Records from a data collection
- - -

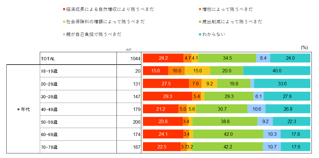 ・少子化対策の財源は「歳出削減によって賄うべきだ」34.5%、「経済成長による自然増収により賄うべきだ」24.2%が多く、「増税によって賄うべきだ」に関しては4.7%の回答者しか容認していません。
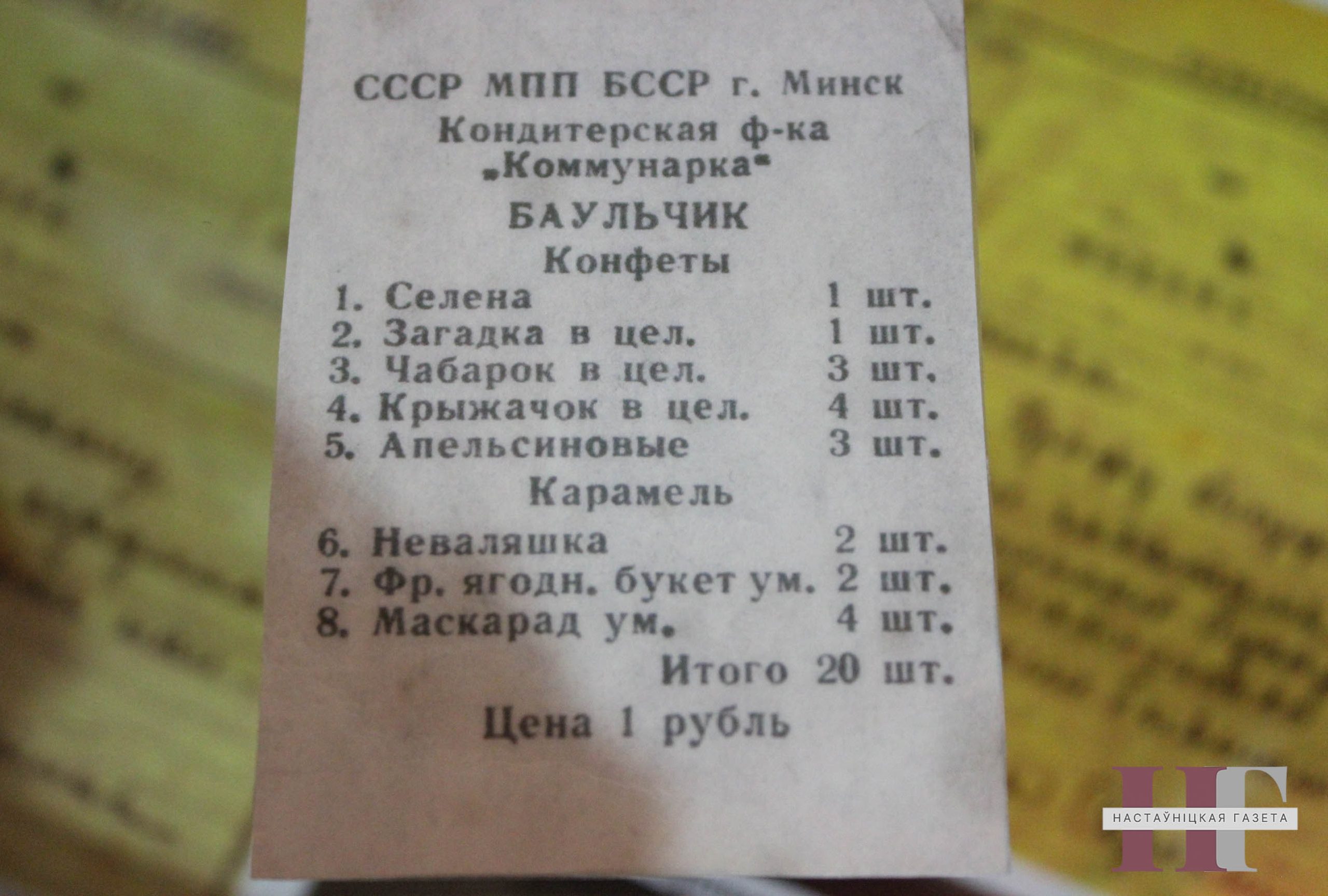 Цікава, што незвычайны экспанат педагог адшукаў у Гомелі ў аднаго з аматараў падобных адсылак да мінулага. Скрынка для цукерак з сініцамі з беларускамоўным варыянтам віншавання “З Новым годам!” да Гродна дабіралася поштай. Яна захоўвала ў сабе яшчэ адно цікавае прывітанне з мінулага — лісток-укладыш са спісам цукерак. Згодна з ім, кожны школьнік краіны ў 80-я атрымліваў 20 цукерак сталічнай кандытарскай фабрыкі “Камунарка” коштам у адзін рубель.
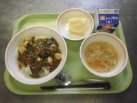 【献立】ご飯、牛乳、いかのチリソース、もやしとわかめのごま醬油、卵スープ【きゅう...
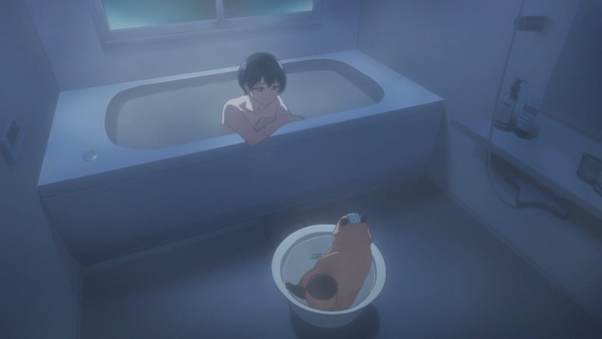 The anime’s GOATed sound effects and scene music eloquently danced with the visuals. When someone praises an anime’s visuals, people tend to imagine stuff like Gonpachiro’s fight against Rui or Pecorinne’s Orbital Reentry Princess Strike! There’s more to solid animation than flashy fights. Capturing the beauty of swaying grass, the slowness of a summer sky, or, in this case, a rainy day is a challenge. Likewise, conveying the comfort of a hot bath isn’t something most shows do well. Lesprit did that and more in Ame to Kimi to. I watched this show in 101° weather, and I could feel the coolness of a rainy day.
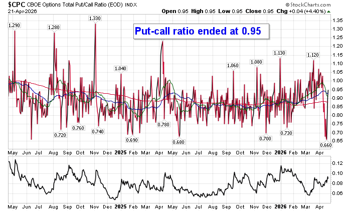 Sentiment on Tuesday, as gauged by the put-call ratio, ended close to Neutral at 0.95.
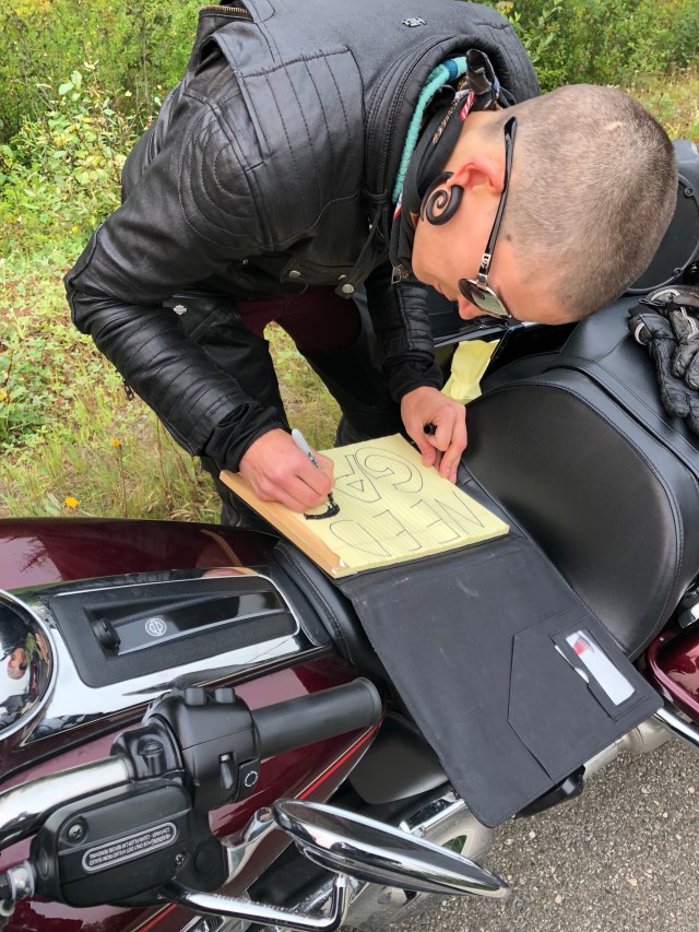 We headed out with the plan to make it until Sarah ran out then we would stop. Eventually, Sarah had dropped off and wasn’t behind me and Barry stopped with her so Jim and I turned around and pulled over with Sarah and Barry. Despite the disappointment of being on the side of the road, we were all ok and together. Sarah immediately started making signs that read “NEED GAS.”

- - -

▶ _Activity_: For this exercise, transcribe the data exactly but without its pictures.

▶ _Your response_:
 ・少子化対策の財源は「歳出削減によって賄うべきだ」34.5%、「経済成長による自然増収により賄うべきだ」24.2%が多く、「増税によって賄うべきだ」に関しては4.7%の回答者しか容認していません。
 Цікава, што незвычайны экспанат педагог адшукаў у Гомелі ў аднаго з аматараў падобных адсылак да мінулага. Скрынка для цукерак з сініцамі з беларускамоўным варыянтам віншавання “З Новым годам!” да Гродна дабіралася поштай. Яна захоўвала ў сабе яшчэ адно цікавае прывітанне з мінулага — лісток-укладыш са спісам цукерак. Згодна з ім, кожны школьнік краіны ў 80-я атрымліваў 20 цукерак сталічнай кандытарскай фабрыкі “Камунарка” коштам у адзін рубель.
 【献立】ご飯、牛乳、いかのチリソース、もやしとわかめのごま醬油、卵スープ【きゅう...
 The anime’s GOATed sound effects and scene music eloquently danced with the visuals. When someone praises an anime’s visuals, people tend to imagine stuff like Gonpachiro’s fight against Rui or Pecorinne’s Orbital Reentry Princess Strike! There’s more to solid animation than flashy fights. Capturing the beauty of swaying grass, the slowness of a summer sky, or, in this case, a rainy day is a challenge. Likewise, conveying the comfort of a hot bath isn’t something most shows do well. Lesprit did that and more in Ame to Kimi to. I watched this show in 101° weather, and I could feel the coolness of a rainy day.
 Sentiment on Tuesday, as gauged by the put-call ratio, ended close to Neutral at 0.95.
 We headed out with the plan to make it until Sarah ran out then we would stop. Eventually, Sarah had dropped off and wasn’t behind me and Barry stopped with her so Jim and I turned around and pulled over with Sarah and Barry. Despite the disappointment of being on the side of the road, we were all ok and together. Sarah immediately started making signs that read “NEED GAS.”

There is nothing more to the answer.